I followed these steps

$$A A^{T} = \begin{bmatrix}3&1&1\\-1&3&1\end{bmatrix} \begin{bmatrix}3&-1\\1&3\\1&1\end{bmatrix} = \begin{bmatrix}11&1\\1&11\end{bmatrix}$$

$$\det(A A^{T} - \lambda I) = (11-\lambda)^{2} - 1 = 0$$

Hence, the eigenvalues are $\lambda_{1} = 12$ and $\lambda_{2} = 10$.

When $\lambda_{1} = 12$:

$$ \begin{bmatrix}11-\lambda_{1}&1\\1&11-\lambda_{1}\end{bmatrix} \begin{bmatrix}x_{1}\\x_{2}\end{bmatrix} = \begin{bmatrix}0\\0\end{bmatrix}$$

$$x_{1} = x_{2} \implies u_{1} = \begin{bmatrix}t\\t\end{bmatrix}$$

And for $\lambda_{2} = 10$:

$$x_{1} = -x_{2} \implies u_{2} = \begin {bmatrix}t\\-t\end{bmatrix}$$

Now

$$U = \begin {bmatrix} u_{1}&u_{2} \end{bmatrix}$$

$u_{1}$ and $u_{2}$ are orthonormal. So the for $u_{1} = \begin{bmatrix}t\\t\end{bmatrix}$ , $u_{2} = \begin{bmatrix}t\\-t\end{bmatrix}$ I know $\left| t \right| = \frac{1}{\sqrt{2}}$ and $u_{1}.u_{2}=0$.

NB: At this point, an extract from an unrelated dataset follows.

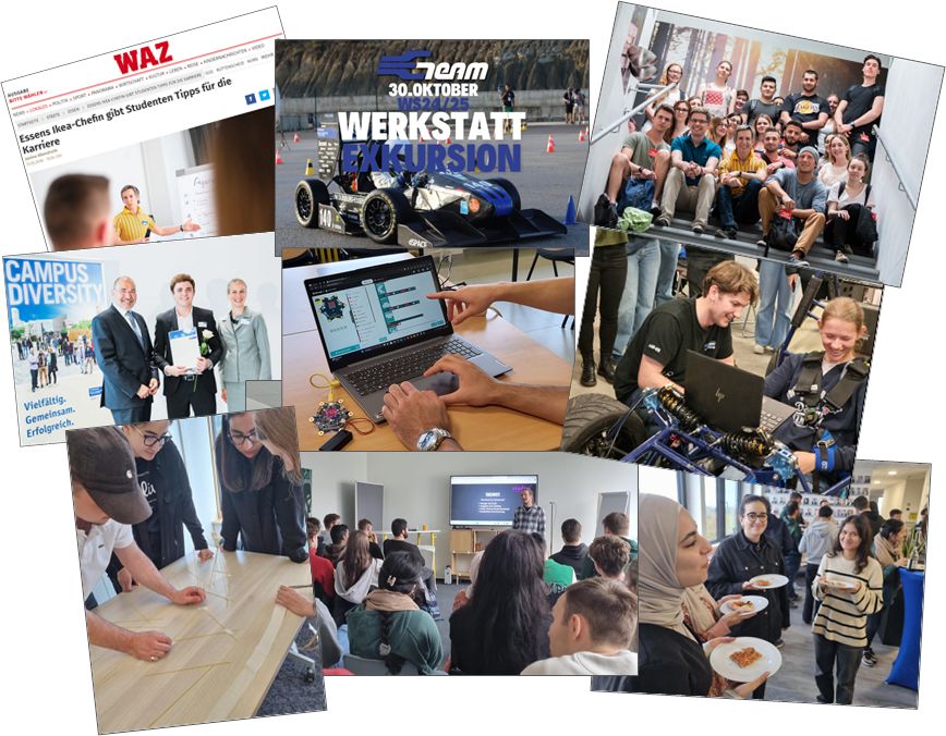Und so kann es aussehen, wenn man als Peer-Learning-Gruppe gemeinsam die ersten Schritte beim Programmieren macht, in einer Gruppe bei einer Exkursion erlebt, wieviel Informatik in einem Rennwagen steckt oder für sein ehrenamtliches Engagement im Rahmen des Mentorings von der Uni ausgezeichnet wird. Wann sind Sie dabei? ;-)

My question how can we decide about the sign?

For example I think both $U= \begin{bmatrix}\frac{1}{\sqrt{2}} &\frac{1}{\sqrt{2}} \\\frac{1}{\sqrt{2}} &\frac{-1}{\sqrt{2}} \end{bmatrix}$ and $U=\begin{bmatrix}\frac{-1}{\sqrt{2}} &\frac{1}{\sqrt{2}} \\\frac{1}{\sqrt{2}} &\frac{1}{\sqrt{2}} \end{bmatrix}$ could be answers. Then Which one should I choose?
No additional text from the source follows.